Dit jaar had het Storytelling Festival voor het eerst een apart programma-onderdeel voor vertellers met nog weinig of geen podiumervaring. Deze Portretten gingen zondag in Mozaïek in première. Drie verschillende stories van ieder drie kwartier.
(Twee andere vertellers waren om uiteenlopende redenen afgehaakt. Sommige shows begonnen zondag behoorlijk te laat, doordat de kaartverkoop nogal traag verliep.
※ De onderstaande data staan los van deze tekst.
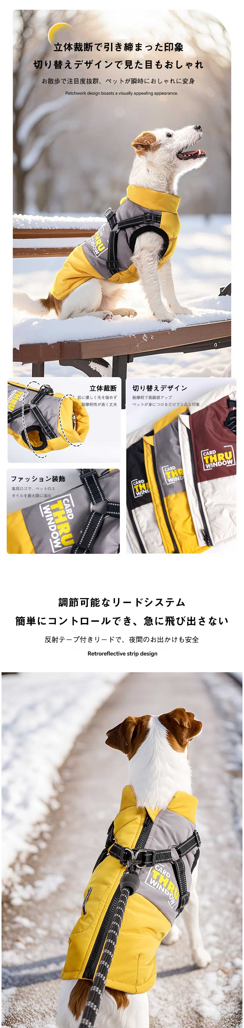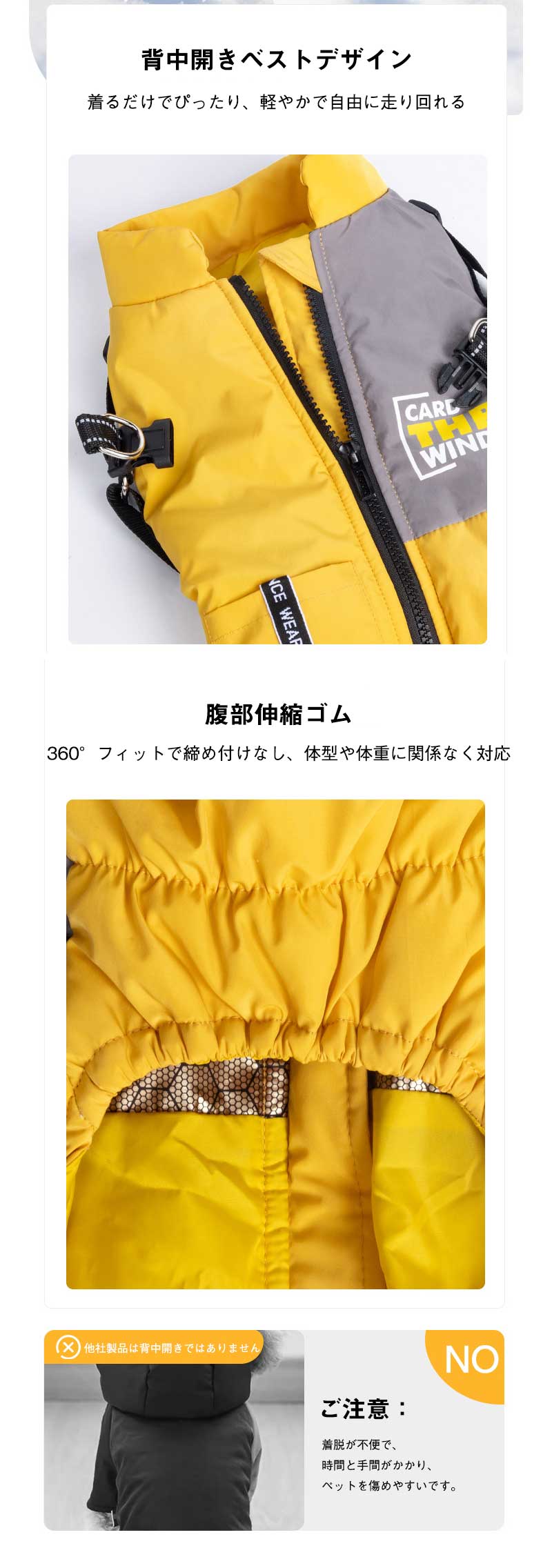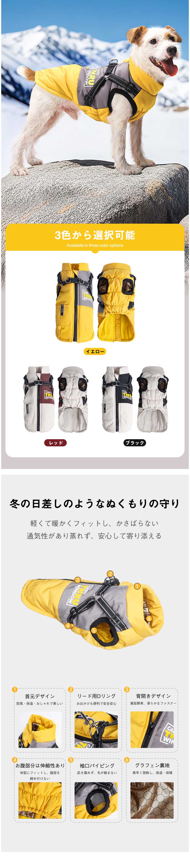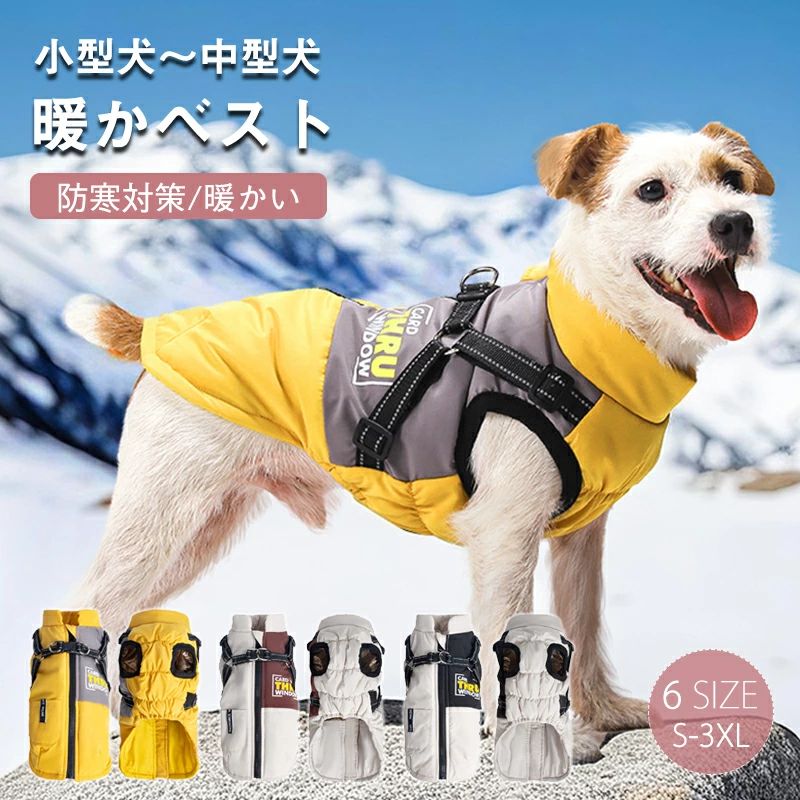 犬 暖かい ベストアウター ハーネス イエロー レッド ブラック S M L XL 2XL 3XL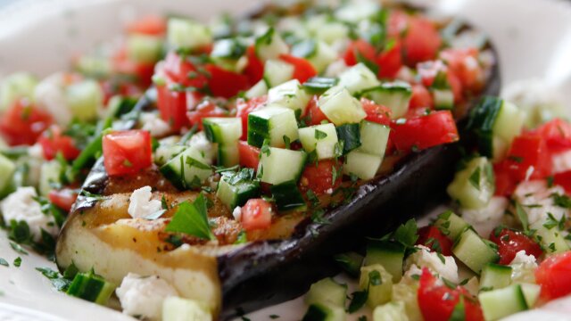 Ree Drummond stocks her kitchen with the ingredients for some of her favorite meatless meals; she whips up broccoli cheese baked potatoes, Greek grilled eggplant steaks, roasted vegetable panzanella, Italian cornbread, and tofu lettuce wraps.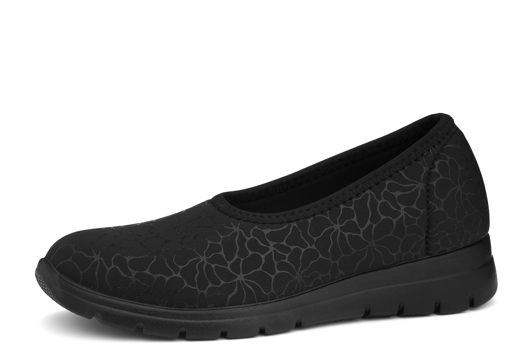 Sanital Flex SC143.13 BLACK wygodne półbuty damskie wykonane z elastycznej tkaniny; lekkie, amortyzujące podeszwy; wyjmowane wkładki; dzięki stretchowej tkaninie pasują na stopy z haluksami, palcami młoteczkowatymi; tęgość H - na stopy szersze. Polecane dla cukrzyków.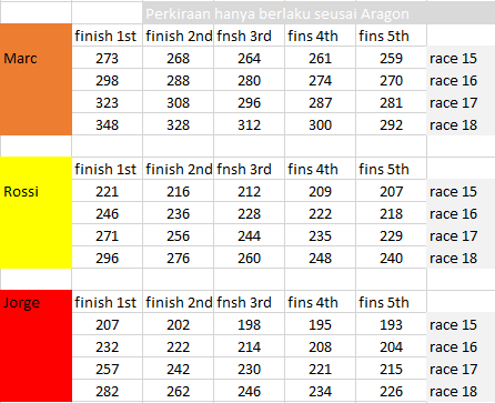 - Lorenzo harus cleansheet di 4 race terakhir tetapi Marquez harus tampil buruk, setidaknya selalu finish diurutan 6 hingga akhir musim.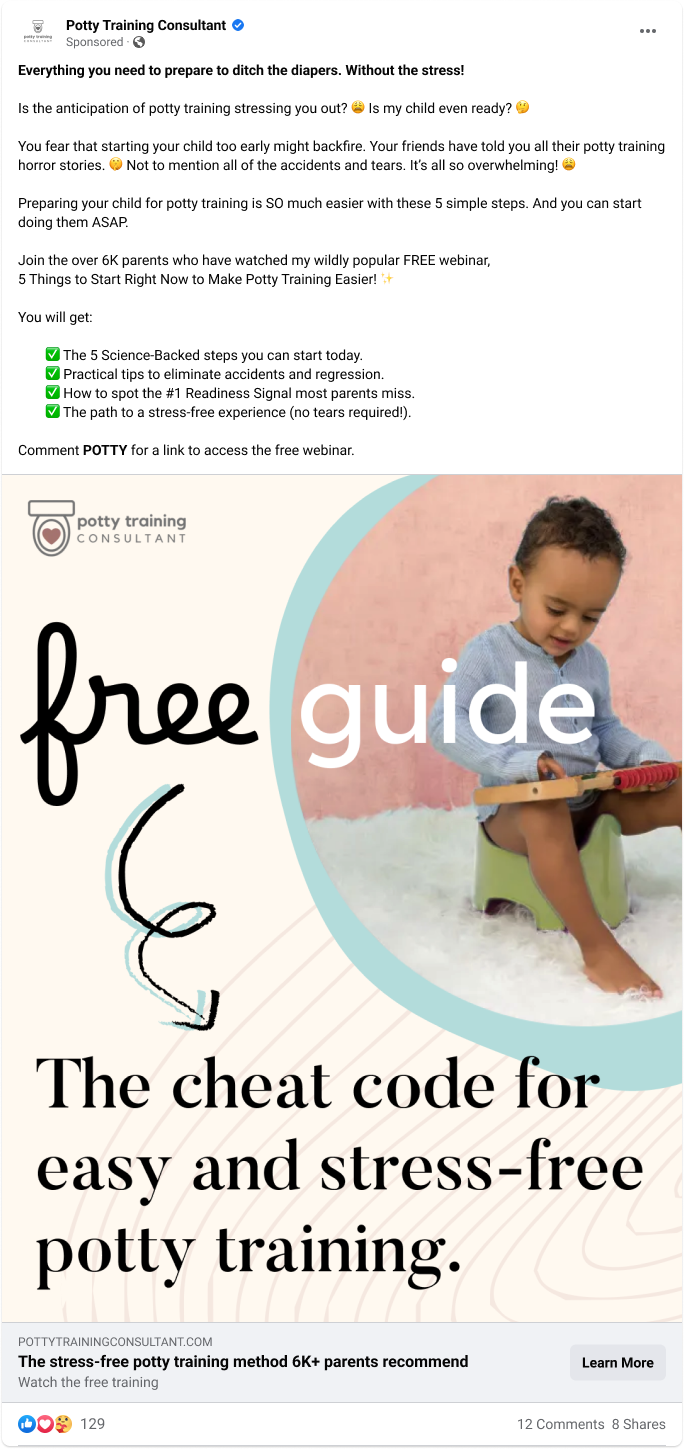 Solution: I wrote conversational and empathetic ad copy that spoke directly to parents' biggest fears and frustrations. The webinar was positioned as the stress-free solution. Strong social proof (6K+ parents) eased objections, while a low-friction CTA ("Comment POTTY") maximized engagement by making it easy for parents to access the training instantly.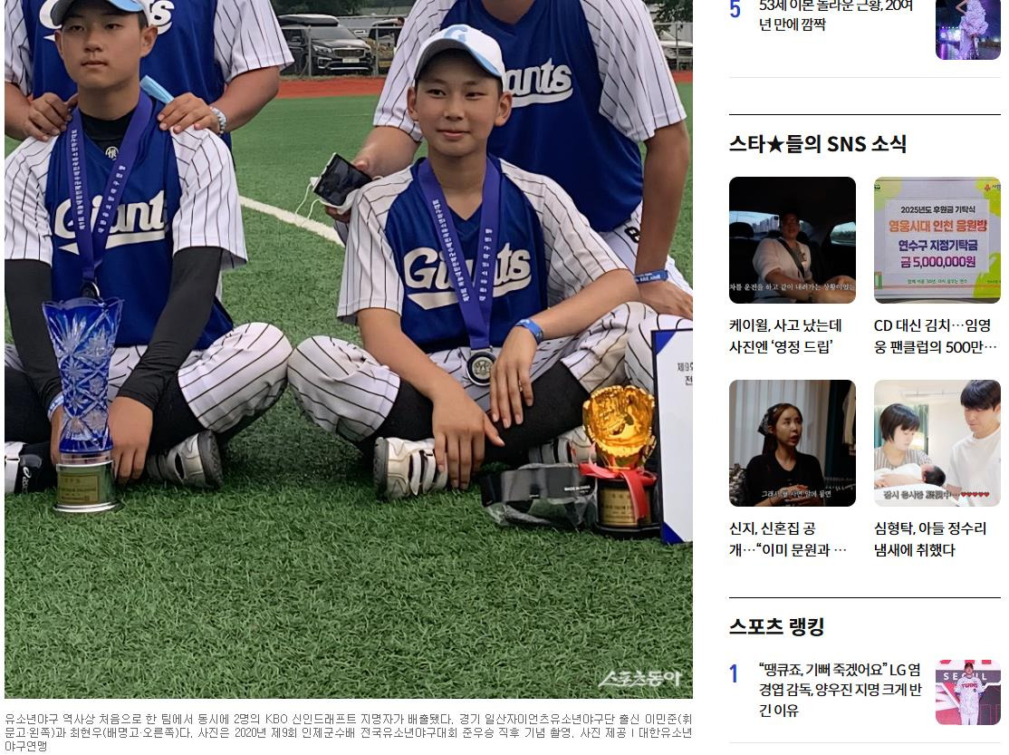 경기 일산자이언츠유소년야구단 - 유소년야구 역사상 처음으로 한 팀 동시 2명 배출

Puur organisatorisch maakt het Storytelling Festival soms een wat rommelige indruk, al nam het publiek daar geen enkele aanstoot aan.)
Adnan Atik vertelde over zijn reis door Zuid-Amerika, Gaia Theil over hoe zij als klein meisje op school was gepest, Samir El Hadaoui over … Tja, waarover vertelde Samir. Dat is wat lastiger aan te geven. Eigenlijk ging zijn verhaal over zelfvertrouwen, zelfbewustzijn, geloof in jezelf. Hoe hij dat jarenlang niet had, en gaandeweg toch wist op te bouwen.
Bij El Hadaoui geen dramatisch decor, zoals Syrië, verscheurd door oorlog, noch een dramatische gebeurtenis of verhaallijn. Hij is een doodgewone jongen uit Bos en Lommer, met een doodgewoon verhaal. Over zijn steeds terugkerende tweestrijd als puber: voetballen met zijn vriendjes of doorlezen in Plato’s De ideale staat?
Over het dilemma na zijn eindexamen. Doorstuderen, natuurlijk. Maar wat dan? Na een paar mislukte pogingen vindt hij zijn draai: hij wordt leraar Maatschappijleer. ‘Aan een paar van de moeilijkste scholen in Amsterdam.’ Inmiddels heeft hij een eigen bedrijf in trainingen en coaching. Binnenkort gaat hij trouwen.
El Hadaoui’s zelfportret laat zien hoe je met zulk alledaags materiaal een boeiend verhaal kunt maken. Adnan Atik demonstreerde dat een avontuurlijke reis niet vanzelf tot een spannend verhaal leidt. Geestig en innemend is hij zeker. Ter verbeelding van zijn reisgenoten sjouwde Atik rond met modepoppen die hij kleren en attributen aantrok. Maar zijn vertelling miste een pointe of ontwikkeling.
Theil heb ik niet kunnen zien. Helaas, want van de drie zelfportretteurs leek zij de publieksfavoriet, zo viel na afloop aan de bar te beluisteren. De toeschouwers reageerden heel anders dan in de schouwburg. Meer als fanatieke fans van het genre en van de vertellers, hetgeen warm en sympathiek overkwam. Voor een niet-ingewijde als deze recensent bood het festival een goede introductie in de storytelling.